Johnson, by contrast, entered this campaign with no majority in parliament and with much smaller leads in the polls. Some recent opinion polls have already shown that lead starting to shrink.
Could what happened in 2017 be about to repeat itself?
Johnson is repeating May's failed campaign.
May fought the 2017 general election on a ticket of securing a large enough majority to deliver Brexit.
Her pitch - that voters should hand her enough members of Parliament to get the job done - was ultimately unsuccessful. Many voters backed Corbyn's alternative pitch of increasing spending on public services.
Johnson is essentially trying to replicate this message, but hopes that he will be more effective in getting it across to voters.
He may well succeed. However, there are reasons to believe that he won't.
Johnson could come unstuck in the debates
Johnson has agreed to take part in a series of one-on-one televised debates with Labour Party leader Jeremy Corbyn. His team believe that these debates will convince voters that the election is a choice between the prime minister and a Labour party leader, whom recent opinion polls suggest that the public is deeply dissatisfied with.
However, this confidence could be misplaced. Johnson's record in televised debates has not been good. He was widely seen to have fared badly during televised debates against former London Mayor Ken Livingstone and had similarly poor performances in the EU referendum campaign. Corbyn, by contrast, was judged by pundits to have outperformed expectations during televised debates in the last few years.
The 'remain' vote is now much more efficiently distributed
A fascinating Twitter thread by an Oxford University political researcher earlier this month suggested that Johnson's success in uniting the pro-Brexit vote might not translate into an actual lead in terms of seats.
Leonardo Carella's theory - which was illustrated with a deep, graphical dive into recent electoral data - suggests that the pro-Brexit vote in the UK is now much less efficiently distributed around the country than the "remain" vote.
To put it in simpler terms: Pro-Brexit parties appear to be competing for the same votes in the same parts of the country, whereas more pro-EU parties are stronger in different parts of the UK.
So while the split in the "remain" vote might appear to benefit the Conservatives in national vote share, that may not fully manifest as seats on a local level.
If you add to this the possibility of digitally organised tactical voting among "remain" voters, the political landscape does not look quite as advantageous to Johnson as it first appears.
Johnson will have to gain lots of ground just to stand still
This effect could be heightened for Johnson in certain parts of the UK.
Recent polls in Scotland suggest Johnson is set to lose significant numbers of seats north of the border. Other national polls suggest the Liberal Democrats would pick up several seats from Johnson's party in southern England.

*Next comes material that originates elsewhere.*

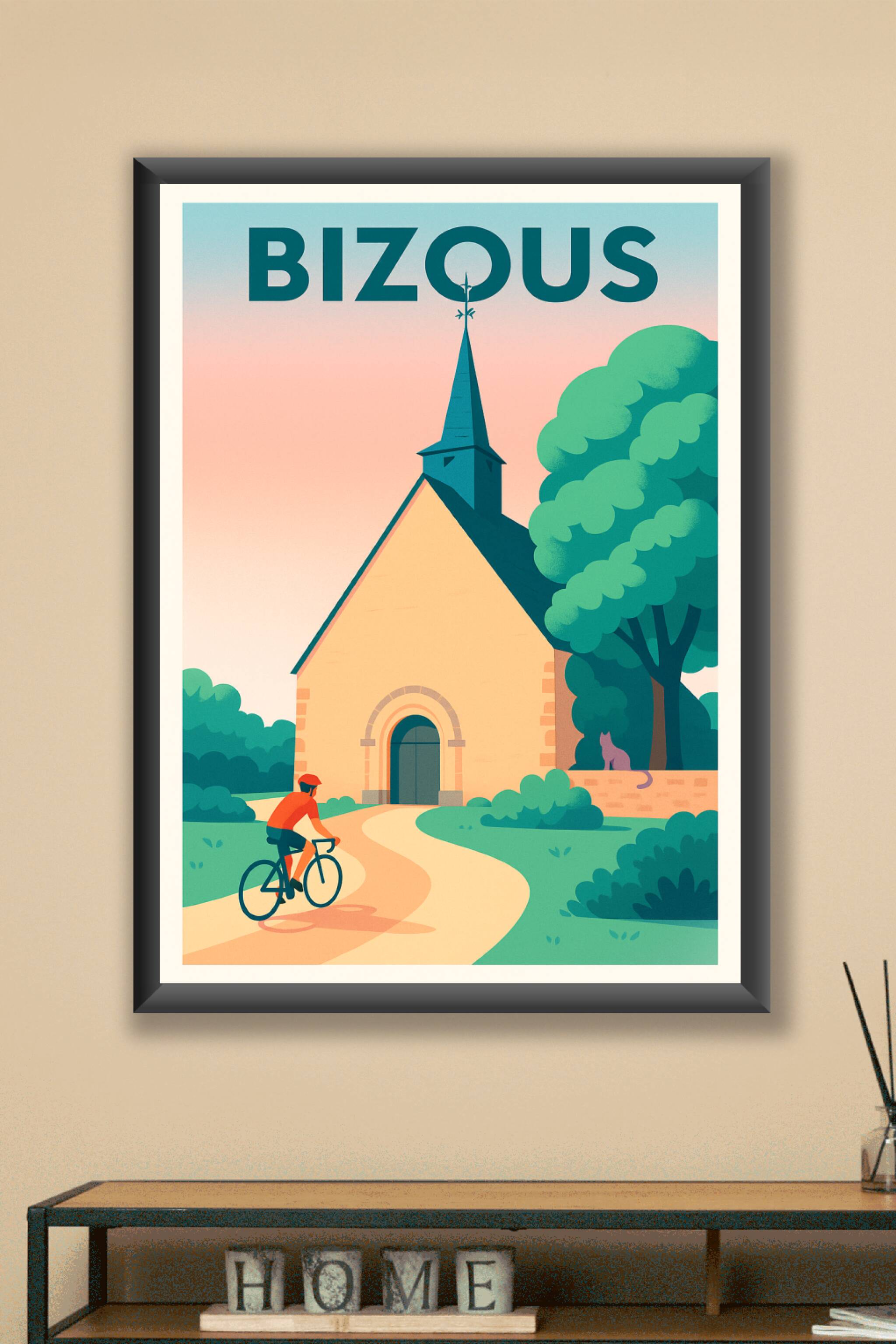 Découvrez l'ambiance paisible et authentique de Bizous avec cette affiche illustrée, mettant en scène une charmante chapelle et un cycliste emprunt...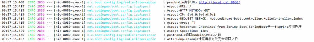 09:57:15.408 INFO 2836 --- [nio-8080-exec-1] n.c.boot.config.LogHandlerInterceptor : preHandle请求URL:http://localhost:8080/ 09:57:15.413 INFO 2836 --- [nio-8080-exec-1] net.codingme.boot.config.LogAspect : Aspect-URL: / 09:57:15.413 INFO 2836 --- [nio-8080-exec-1] net.codingme.boot.config.LogAspect : Aspect-HTTP_METHOD: GET 09:57:15.413 INFO 2836 --- [nio-8080-exec-1] net.codingme.boot.config.LogAspect : Aspect-IP: 0:0:0:0:0:0:0:1 09:57:15.414 INFO 2836 --- [nio-8080-exec-1] net.codingme.boot.config.LogAspect : Aspect-REQUEST_METHOD: net.codingme.boot.controller.HelloController.index 09:57:15.415 INFO 2836 --- [nio-8080-exec-1] net.codingme.boot.config.LogAspect : Aspect-Args: [] 09:57:15.424 INFO 2836 --- [nio-8080-exec-1] net.codingme.boot.config.LogAspect : Aspect-Response: Greetings from Spring Boot!SpringBoot是一个spring应用程序 09:57:15.425 INFO 2836 --- [nio-8080-exec-1] net.codingme.boot.config.LogAspect : Aspect-SpeedTime: 12ms 09:57:15.436 INFO 2836 --- [nio-8080-exec-1] n.c.boot.config.LogHandlerInterceptor : postHandle返回modelAndView之前 09:57:15.437 INFO 2836 --- [nio-8080-exec-1] n.c.boot.config.LogHandlerInterceptor : afterCompletion执行完请求方法完全返回之后

This means that just to emerge with the same number of seats in Parliament he has, Johnson would need to make up every one of those lost seats, with additional seats taken from Labour.

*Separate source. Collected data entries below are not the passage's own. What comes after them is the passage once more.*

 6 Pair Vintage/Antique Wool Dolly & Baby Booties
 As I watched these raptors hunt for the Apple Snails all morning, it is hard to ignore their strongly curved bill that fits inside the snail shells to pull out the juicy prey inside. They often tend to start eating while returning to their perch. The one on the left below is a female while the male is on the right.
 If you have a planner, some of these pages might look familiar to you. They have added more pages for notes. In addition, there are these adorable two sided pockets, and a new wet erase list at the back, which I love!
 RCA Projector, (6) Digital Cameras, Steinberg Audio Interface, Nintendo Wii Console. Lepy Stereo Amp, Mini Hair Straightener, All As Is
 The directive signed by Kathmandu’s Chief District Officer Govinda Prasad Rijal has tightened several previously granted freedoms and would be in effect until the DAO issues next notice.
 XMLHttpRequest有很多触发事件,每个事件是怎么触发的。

If Labour's national vote remains at its current level in the polls, this may well be possible. However, if Johnson hopes to regain a majority, he will need to win seats from Labour that have not been won by the Conservative Party for decades, if ever.
The Labour voters Johnson needs could prove too difficult to budge
An interesting poll conducted last month found that the sort of Labour voters Johnson would need to target were actually motivated much more by issues such as the state of public services and cost of living than they were by Brexit.
That's why Johnson has spent so much time in recent months touring hospitals and announcing spending increases, in a bid to attract voters in the sort of northern Labour seats he needs to win a majority.
However, persuading these voters to back the Conservatives, after 10 years of spending cuts under a Conservative government, may prove simply too difficult.